EXERCISE AIM
Your answer should consist of the lines holding "Notebook", copied from the material below.

(EXERCISE INPUT begins)

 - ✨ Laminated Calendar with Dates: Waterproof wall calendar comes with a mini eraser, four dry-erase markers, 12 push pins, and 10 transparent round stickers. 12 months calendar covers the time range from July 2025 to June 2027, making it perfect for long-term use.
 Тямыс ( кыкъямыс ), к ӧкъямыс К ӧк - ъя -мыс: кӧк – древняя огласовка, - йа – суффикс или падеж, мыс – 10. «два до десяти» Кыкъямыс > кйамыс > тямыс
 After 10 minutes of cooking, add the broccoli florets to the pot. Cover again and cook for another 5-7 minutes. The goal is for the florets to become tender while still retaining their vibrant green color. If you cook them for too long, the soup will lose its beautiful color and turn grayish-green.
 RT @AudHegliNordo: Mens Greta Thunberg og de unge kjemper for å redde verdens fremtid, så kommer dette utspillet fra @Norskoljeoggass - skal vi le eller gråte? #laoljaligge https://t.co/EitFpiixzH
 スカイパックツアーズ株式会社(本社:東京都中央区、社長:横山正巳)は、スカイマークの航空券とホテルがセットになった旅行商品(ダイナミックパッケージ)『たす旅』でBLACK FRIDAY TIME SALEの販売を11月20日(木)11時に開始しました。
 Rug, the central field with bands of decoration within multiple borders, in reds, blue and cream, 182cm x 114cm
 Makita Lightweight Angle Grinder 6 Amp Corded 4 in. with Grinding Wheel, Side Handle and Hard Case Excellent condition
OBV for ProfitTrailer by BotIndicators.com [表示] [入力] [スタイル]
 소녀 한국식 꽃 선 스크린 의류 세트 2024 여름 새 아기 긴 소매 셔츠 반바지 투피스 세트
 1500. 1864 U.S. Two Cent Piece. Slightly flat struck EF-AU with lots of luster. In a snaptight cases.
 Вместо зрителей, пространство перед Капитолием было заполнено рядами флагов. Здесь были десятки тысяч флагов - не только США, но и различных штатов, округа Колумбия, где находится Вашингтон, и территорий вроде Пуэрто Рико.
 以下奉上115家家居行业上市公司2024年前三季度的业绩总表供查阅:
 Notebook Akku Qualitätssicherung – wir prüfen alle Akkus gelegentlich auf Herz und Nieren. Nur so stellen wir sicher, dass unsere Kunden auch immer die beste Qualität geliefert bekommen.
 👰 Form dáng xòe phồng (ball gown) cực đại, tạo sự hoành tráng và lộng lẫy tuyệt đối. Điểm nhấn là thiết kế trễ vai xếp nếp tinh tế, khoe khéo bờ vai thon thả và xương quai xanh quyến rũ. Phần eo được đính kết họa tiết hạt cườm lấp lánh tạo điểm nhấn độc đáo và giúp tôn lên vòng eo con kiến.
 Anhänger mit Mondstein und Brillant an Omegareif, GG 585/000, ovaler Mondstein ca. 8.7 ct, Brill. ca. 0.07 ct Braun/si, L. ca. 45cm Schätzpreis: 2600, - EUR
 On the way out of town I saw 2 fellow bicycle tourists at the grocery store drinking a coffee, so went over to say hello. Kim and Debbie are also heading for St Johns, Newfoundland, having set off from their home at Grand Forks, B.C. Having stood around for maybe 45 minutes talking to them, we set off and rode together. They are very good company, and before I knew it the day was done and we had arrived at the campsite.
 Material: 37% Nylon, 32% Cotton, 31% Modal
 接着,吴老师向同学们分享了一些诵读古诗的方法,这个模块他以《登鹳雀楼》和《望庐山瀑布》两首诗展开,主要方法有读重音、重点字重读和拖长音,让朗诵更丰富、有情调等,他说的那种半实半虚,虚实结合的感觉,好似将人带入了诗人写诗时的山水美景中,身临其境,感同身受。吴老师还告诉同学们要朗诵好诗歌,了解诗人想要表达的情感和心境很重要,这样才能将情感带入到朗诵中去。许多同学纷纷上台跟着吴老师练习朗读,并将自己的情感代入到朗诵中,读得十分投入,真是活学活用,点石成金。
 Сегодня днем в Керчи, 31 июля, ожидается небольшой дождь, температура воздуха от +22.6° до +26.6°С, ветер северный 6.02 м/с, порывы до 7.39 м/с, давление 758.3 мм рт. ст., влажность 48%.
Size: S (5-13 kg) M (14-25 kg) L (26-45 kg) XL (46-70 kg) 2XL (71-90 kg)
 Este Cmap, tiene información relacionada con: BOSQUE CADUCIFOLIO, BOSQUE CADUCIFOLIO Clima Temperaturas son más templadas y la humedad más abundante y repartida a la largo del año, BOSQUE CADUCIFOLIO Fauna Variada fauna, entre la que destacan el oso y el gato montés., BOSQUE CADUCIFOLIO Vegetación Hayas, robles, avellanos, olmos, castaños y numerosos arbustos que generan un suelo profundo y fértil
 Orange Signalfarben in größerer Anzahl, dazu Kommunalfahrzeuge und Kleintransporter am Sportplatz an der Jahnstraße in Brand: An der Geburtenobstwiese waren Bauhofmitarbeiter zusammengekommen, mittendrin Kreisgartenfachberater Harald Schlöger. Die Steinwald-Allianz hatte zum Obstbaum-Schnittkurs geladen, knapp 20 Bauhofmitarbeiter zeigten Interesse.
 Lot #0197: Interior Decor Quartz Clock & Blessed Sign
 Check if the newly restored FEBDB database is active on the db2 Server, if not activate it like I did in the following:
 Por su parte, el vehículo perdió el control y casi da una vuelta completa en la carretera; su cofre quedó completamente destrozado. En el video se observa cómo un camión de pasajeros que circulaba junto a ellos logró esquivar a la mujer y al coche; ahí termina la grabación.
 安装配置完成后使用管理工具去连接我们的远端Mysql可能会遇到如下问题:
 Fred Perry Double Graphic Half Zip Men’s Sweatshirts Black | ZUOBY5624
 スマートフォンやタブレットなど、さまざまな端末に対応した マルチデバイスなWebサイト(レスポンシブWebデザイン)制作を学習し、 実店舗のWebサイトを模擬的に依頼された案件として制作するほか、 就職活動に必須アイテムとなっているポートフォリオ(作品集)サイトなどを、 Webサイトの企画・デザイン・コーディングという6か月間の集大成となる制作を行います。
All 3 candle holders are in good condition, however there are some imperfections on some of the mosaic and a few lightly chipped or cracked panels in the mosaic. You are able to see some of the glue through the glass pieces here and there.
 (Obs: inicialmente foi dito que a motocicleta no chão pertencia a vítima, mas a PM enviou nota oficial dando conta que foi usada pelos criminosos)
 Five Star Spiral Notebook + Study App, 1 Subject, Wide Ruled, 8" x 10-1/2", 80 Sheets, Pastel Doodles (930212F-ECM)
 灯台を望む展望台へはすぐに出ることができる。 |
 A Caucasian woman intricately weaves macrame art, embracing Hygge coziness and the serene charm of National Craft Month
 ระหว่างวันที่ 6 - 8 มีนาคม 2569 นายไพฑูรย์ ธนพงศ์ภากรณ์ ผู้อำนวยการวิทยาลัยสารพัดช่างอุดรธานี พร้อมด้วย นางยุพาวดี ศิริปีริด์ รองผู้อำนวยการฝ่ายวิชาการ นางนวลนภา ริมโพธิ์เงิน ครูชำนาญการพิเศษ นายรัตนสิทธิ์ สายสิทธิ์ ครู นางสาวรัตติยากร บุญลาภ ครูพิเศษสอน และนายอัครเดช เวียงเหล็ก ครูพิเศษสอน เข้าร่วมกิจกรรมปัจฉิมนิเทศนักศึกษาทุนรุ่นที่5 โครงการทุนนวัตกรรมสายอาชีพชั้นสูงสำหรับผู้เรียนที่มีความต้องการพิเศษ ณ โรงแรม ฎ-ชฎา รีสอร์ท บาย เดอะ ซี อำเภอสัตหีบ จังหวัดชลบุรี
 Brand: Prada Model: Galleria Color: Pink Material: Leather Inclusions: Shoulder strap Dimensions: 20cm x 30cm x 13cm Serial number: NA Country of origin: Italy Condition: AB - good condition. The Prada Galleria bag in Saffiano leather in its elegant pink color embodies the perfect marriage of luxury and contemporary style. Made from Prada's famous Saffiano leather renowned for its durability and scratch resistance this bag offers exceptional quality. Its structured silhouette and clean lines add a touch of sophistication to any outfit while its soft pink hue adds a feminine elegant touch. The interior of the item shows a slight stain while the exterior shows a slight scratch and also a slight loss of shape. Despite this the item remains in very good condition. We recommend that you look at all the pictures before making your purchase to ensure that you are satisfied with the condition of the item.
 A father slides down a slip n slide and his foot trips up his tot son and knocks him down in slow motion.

(EXERCISE INPUT ends)

SOLUTION TO THIS TASK
 Notebook Akku Qualitätssicherung – wir prüfen alle Akkus gelegentlich auf Herz und Nieren. Nur so stellen wir sicher, dass unsere Kunden auch immer die beste Qualität geliefert bekommen.
 Five Star Spiral Notebook + Study App, 1 Subject, Wide Ruled, 8" x 10-1/2", 80 Sheets, Pastel Doodles (930212F-ECM)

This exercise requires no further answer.